A panel of 15 experts with representatives from seven medical professional societies reached consensus on research related to using diet as the primary intervention to achieve diabetes remission.
The American College of Lifestyle Medicine has released an expert consensus statement to assist clinicians in achieving remission of type 2 diabetes in adults using diet as a primary intervention. The consensus statement is endorsed by the American Association of Clinical Endocrinology supported by the Academy of Nutrition and Dietetics and co-sponsored by the Endocrine Society.
This publication is the first to focus on diet as primary means of achieving lasting remission of diabetes – without medications or procedures – in contrast with the usual role of diet as an adjunctive therapy.
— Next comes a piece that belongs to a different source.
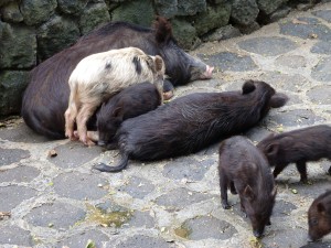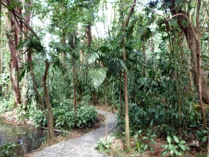Nous nous arrêtons quelques minutes pour les regarder puis nous continuons notre route. Sur le chemin, de nombreux poissons sont présents et notamment des carpes japonaises. Nous passons rapidement la partie « jungle » du parc de peur de nous faire dévorer par les moustiques. Cette partie du parc est très bien entretenue mais il n’en reste pas moins que la végétation tropicale attire les moustiques qui se régalent de notre peau fine de métropolitain… On arrive finalement aux tortues. Adorant les tortues, je trépigne de joie et je ne suis pas déçue ! On voit ces énormes tortues dans leur enclos. Et là stupeur… pas de grille, pas de barrière… On entre dans l’enclos. Certains donnent à manger aux tortues, les caressent gentiment. Personnellement, très peu pour moi, on m’a toujours dit qu’il ne fallait pas toucher les tortues ou dans ce cas, aller tout de suite se laver les mains. Bon, en même temps ce conseil date de mon enfance… A la suite de cela, on voit des tortues dans de petits parcs à différents niveaux de maturité. C’est fou comme ça grandit vite ces bêtes là ! Il y a d’autres espèces de tortues aux couleurs jaunes absolument splendides. Après un tour des enclos, nous repartons à la découverte du parc.

Knowing that diet alone can achieve remission is an empowering message for many adults with type 2 diabetes, especially when supported by consensus among internists, cardiologists, family physicians, endocrinologists, nutritionists, dieticians and lifestyle medicine specialists.
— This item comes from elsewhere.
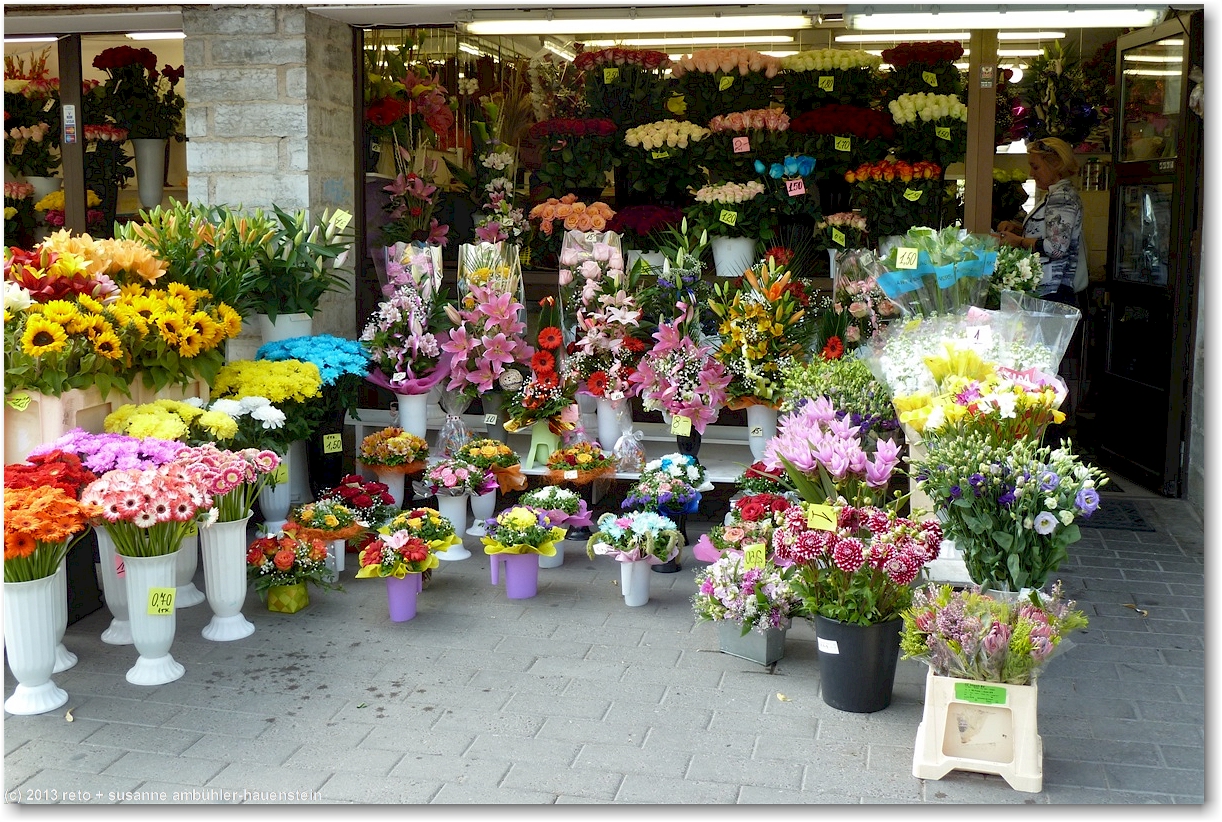 vor dem ehemaligen stadttor hat es zahlreiche läden mit unglaublich prachtvollen blumen und sträussen.

The expert consensus statement concluded that diet as a primary intervention can achieve remission in many adults with type 2 diabetes, defined as normal glycemic measures (normal HbA1c <6.5% and normal fasting glucose) for at least three months without surgery, devices or medication to lower glucose.
Diet as a primary intervention was considered most effective when emphasizing whole, plant-based foods including whole grains, vegetable, legumes, fruits, nuts and seeds.
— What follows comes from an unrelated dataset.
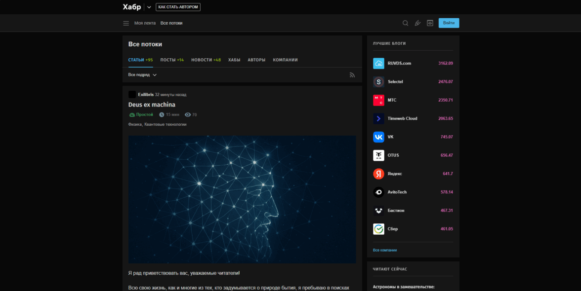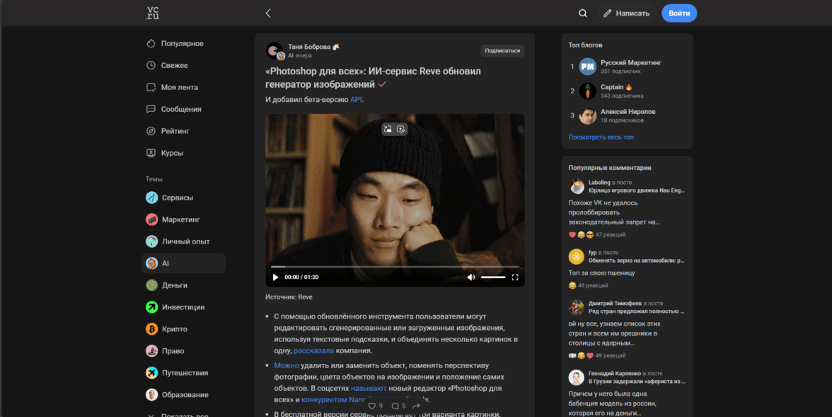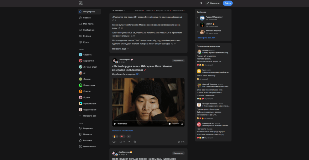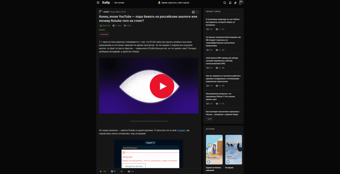 Из плюсов карточки на VC — возможность сразу на главной прочитать саму статью. В таком случае отключится функционал комментариев, но это не помешает вам прочитать материал. Также приятно видеть видео в обложках (это вообще эксклюзив среди трех рассматриваемых сегодня площадок)

Without adequate treatment and management, diabetes can result in blindness, kidney disease, cardiovascular diseases, amputation and other co-morbidities that diminish quality of life and contribute to mortality rates.
The expert panel called for more research into areas that include evaluating the impact of reducing animal foods in promoting remission and assessing whether remission can be obtained with ad libitum food intake consuming whole food, plant-based dietary patterns.
Also needed are more randomized controlled trials to assess sustainable plant-based dietary interventions with whole or minimally processed foods, as a primary means of treating type 2 diabetes with the goal of remission.